# Self Sufficiency/Living off the Land or Off the Grid > Cooking, Food Storage, & Preserving >  New, newest way to seal mylar bags

## linkmissing

I have a foodsaver w/ the outside port for canning jars. I DO NOT use the sealer bags for long term storage. They are inconsistant with some holding and many not. They wear holes with hard, non smooth items and the seals are not dependable. MYLARS are the way to go for dependability. I have done well over 1000 lbs in them. Sealing them is much easier with a hair straightening iron than a regular iron. It is also much easier to vacuum them with a suction cup method and vacuum sealer than the vacuum bag strip and vacuum sealer method. After I found the suction cup method I just went to town on packing with a smile on my face.
Trust me on this.

I prefer this way: 

http://www.youtube.com/watch?v=7C-g4...eature=related


He does it with bottles and jars; I do it to mylars. Just fill your bags and leave about 2-3 inches free at the top, use a sharp knife tip and punch a tiny hole about 1 1/2 in from the top, then do what he says to do except carry it one step further and while the tape is still on, use your hair straightening iron on just a couple notches below the hottest setting, and seal it. Then remove the tiny piece of tape and run it over one more time with the hot hair iron. It works great!

I used to do it this way:

http://www.youtube.com/watch?v=fnMOV8sWuiI

----------


## Ken

Good link, Link!  Thanks!   :Smile:

----------


## gryffynklm

OOOOO I like that.

----------


## crashdive123

Nice idea.

----------


## Winnie

> OOOOO I like that.



Ditto!!  :Smile:

----------


## Rick

What kind of foodsaver do you use and have you tried using it partially freezing the contents? Most of what I've read says the seals on the bags only go bad if you get juice or food contaminants in the seal. 
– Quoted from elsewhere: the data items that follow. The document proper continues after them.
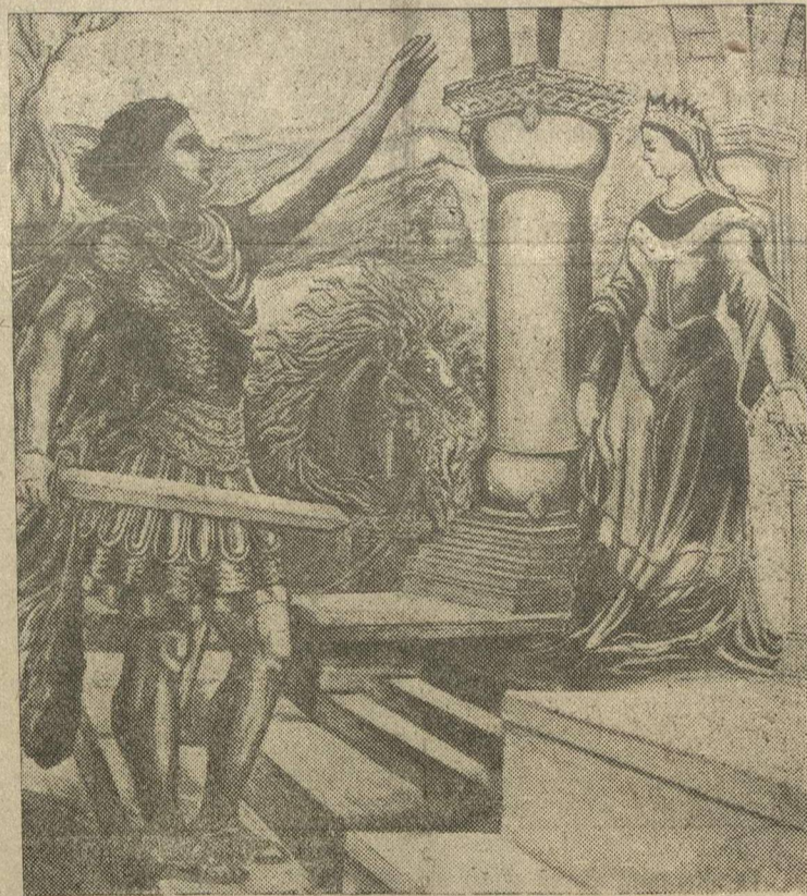
Одна из иллюстраций (работа художника Мамаджания) к юбилейному изданию книги «Давида Сасунского», выходящему в Ереване.

Узнав о несокрушимой силе Давида, избитый Мысра-Мелик собирает десяти тысячную армию и идет походом на Сасун. Поля Сасуна покрываются неисчислимыми шарами вражеских войск. Жители Сасуна приходят в ужас. Трусые и предатели пытаются уговорить Давида, чтобы он отказался от сопротивления и подчинился арабскому халифу. Но Давид непоколебим. Он решительно отвергает предложение трусов и заявляет им, что если во-звять не хотите, то
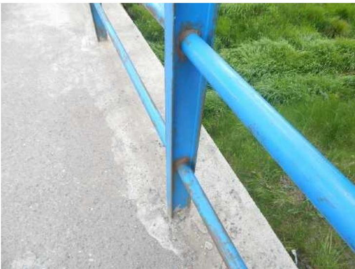
Detail koroze ocelového zábradlí v místě napojení madla na sloupek.
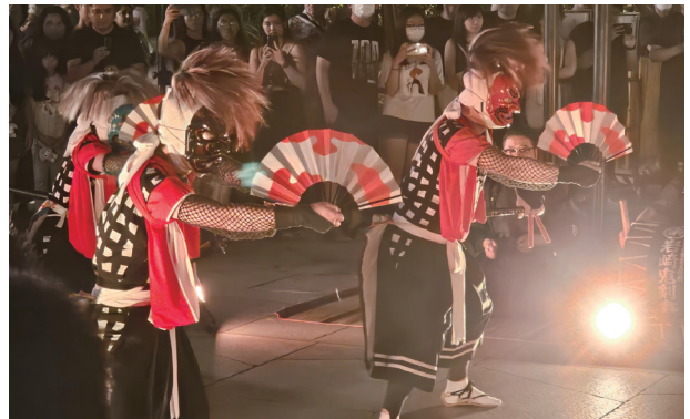
パフォーマンスの様子①
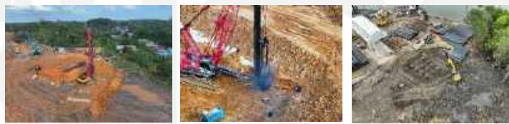
Pekerjaan Bore Pile
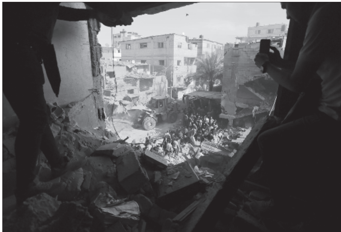
▲ El documento presentado por el Ministerio de Inteligencia de Israel recomienda realizar una campaña para los ciudadanos de Gaza que "los motivará a aceptar el plan" y les obligará a abandonar el territorio de forma permanente.

El documento, además, indica el plan de traslado en varias fases: en la primera, la población de Gaza debe ser "desalojada hacia el sur", mientras que los ataques
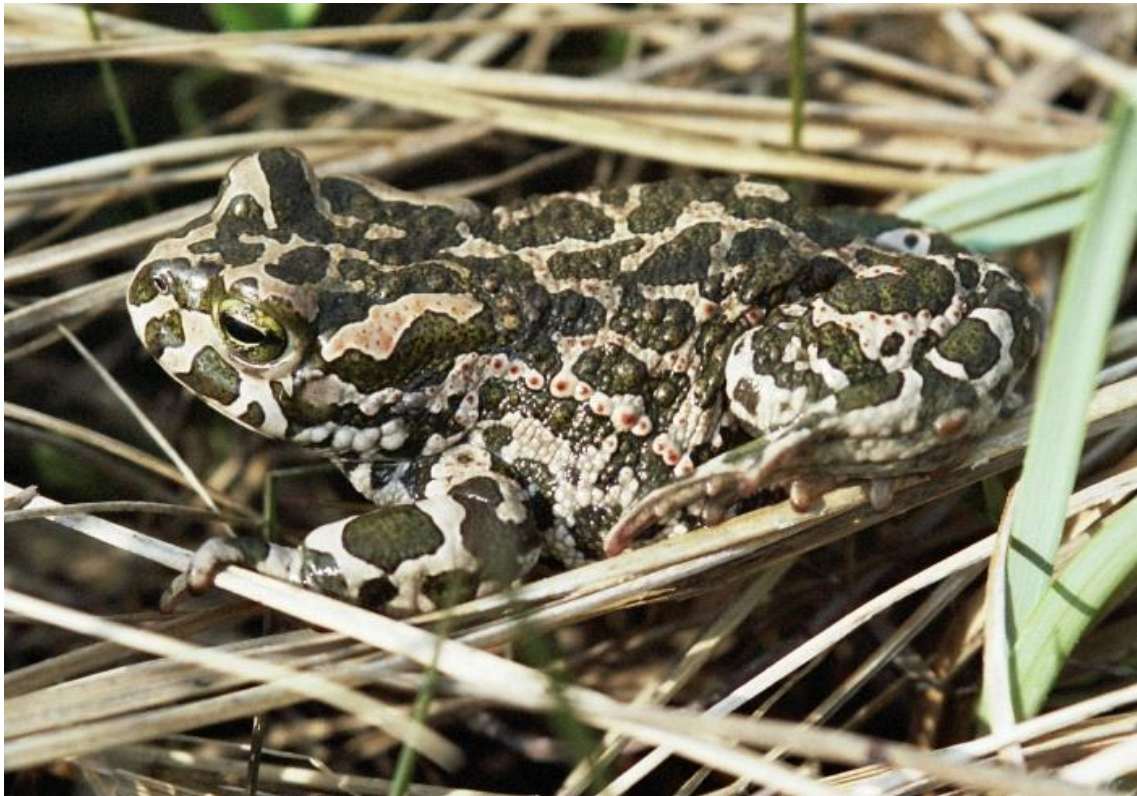
Slika 8. Mramornozelene mrlje i crvene pjege zelene krasta e

Zelena krasta a mofle narasti do oko 14 cm, odozgo je maslinastosme e do maslinastozelene boje sa velikim mramornozelenim mrljama i crvenim pjegama (slika 8.). Kao i ostale krasta e posjeduje bradavi astu koflu. Ve inom nastanjuje nizinska i pje– ana stani-ta, ali mofle do i i do urbanih podru ja te preffivjeti u planinskim predjelima. tokom zimskih i su–nih razdoblja se sakriva ispod panjeva, stijena ili se zakopava ispod trule vegetacije. Aktivna je no u i hrani se kukcima. Razmnoflavanje se odvija tokom prolje a i jeseni, a mufljak tokom udvaranja proizvodi visoke zvukove da privu e flenku. fienka mofle polofliti oko 10000 i 12000 jaja.
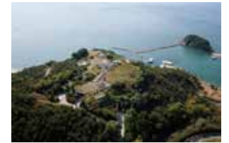
地中美術館

地中美術館は「自然と人間との関係を考える場所」として、2004年に設立されました。瀬戸内の美しい景観を損なわないよう建物の大半が地下に埋設され、館内には、クロード・モネ、ジェームズ・タレル、ウォルター・デ・マリアの作品が安藤忠雄設計の建物に恒久設置されています。地下でありながら自然光が降り注ぎ、一日を通して、また四季を通して作品や空間の表情が刻々と変わります。
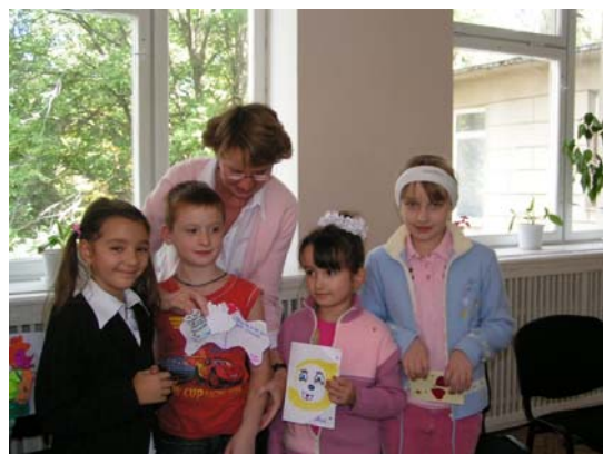
De gemaakte tekeningen, als dank

I'm currently looking at the Foodsaver Gameserver Turbo so any info you have would be great. 

Finally, does anyone know if Foodsaver bought Tilia? All the Tilia vacuum sealers have Foodsaver on the front of them. 

Great post, by the way.

----------


## linkmissing

I have a cheaper foodsaver v2060.  It is not the sealer it is the bags.  Although I hate Foodsaver products because they don't last long if you are a serious user. You can order the 3.5 ml and 4 ml online which are better bags and they say the type with nylon content are stronger.
The serious/better small commersial sealers are the Weston Pro 2100 or VacUpack sealer.  But I would not depend on the bags for long term storage!  If you read alot of posts, they are pretty consistant with the majority saying not to depend on them.  I just use my sealer for the port sealer to do the mylars.
Some fishermen like the VacUpack when going out to seal up all the fish.  My husband used to go to Alaska every yr. and the salmon and halibut the commercial packers vacuum packed lasted yrs.  But those bags are very heavy and thick.  I don't know where they get theirs or what equipment they use.

----------


## Rick

Wouldn't it be cheaper then to use a hand vacuum device rather than the FoodSaver? I know you have it so you use it but for someone that doesn't have one there really isn't a reason to invest in one just for that. Agree?

----------


## linkmissing

The hand helds I've seen use specal bags and containers.  I had bought the sealer before I knew it was not useful for pkging.  The port is great tho for the mylars.  But now that you mention the hand helds, I am going to go look at one and see if it can be used with the suction cups.  If they can that would be even easier.  
So, yea, if you can use a hand sealer with suction cups to vacuum pack your mylars and you don't need the vacuum sealer bagging for short term supplies, I would not waste my money.

----------


## Rick

Take a look at this short thread. 

http://www.wilderness-survival.net/f...t=vacuum+brake

----------


## linkmissing

Yea, I remember you posting that.  At the time I was looking for something to vacuum the jars and not the mylars.  I actually went and looked at the brake thing, I didn't want to spend as much as they wanted for it.  $1.99 for Harbor Freight thing might work tho.  I'll have to go look at it.
Thanks again, Rick

----------


## finallyME

Great post.

Anyone want a mylar lesson?  Too bad, you can't escape.  Most of this is just a semantics lesson, but will help explain why mylar bags are so great for storage.  Anyways, in case no one told you, mylar is clear.  Mylar is a trade name for a type of PET film.  Another use for PET is a soda bottle.  A mylar bag is composed (generally) of three layers.  One layer is generally PE, one aluminum, and one mylar.  The PE is used because it is easy to heat seal.  You can seal PET, but it requires much higher temps.  Both the mylar and aluminum act as gas barriers.  A bag of one layer of PE (I believe most vacuum pack bags are PE), will allow air through over time.  Anyways, carry on.  :Wavey:

----------


## linkmissing

I was just on another site I check often and there was a post from a guy who did adapt his hand held vacuum sealer for kilchen plastic bags with a plastic hose and suction cup and it worked great.  That would be even better to use cuz 1.  It's a cheap item and 2.  It's much easier to manipulate and 3.  It's battery operated so you could do it anywhere that's convenient for you.   
That's it; I'm getting one.

----------


## spd

I can't view your youtube link as it is private.  Is there somewhere I could view it or gain access to the youtube vid?
Thanks

----------


## crashdive123

None of us can see it.  The Youtube user made it private.

----------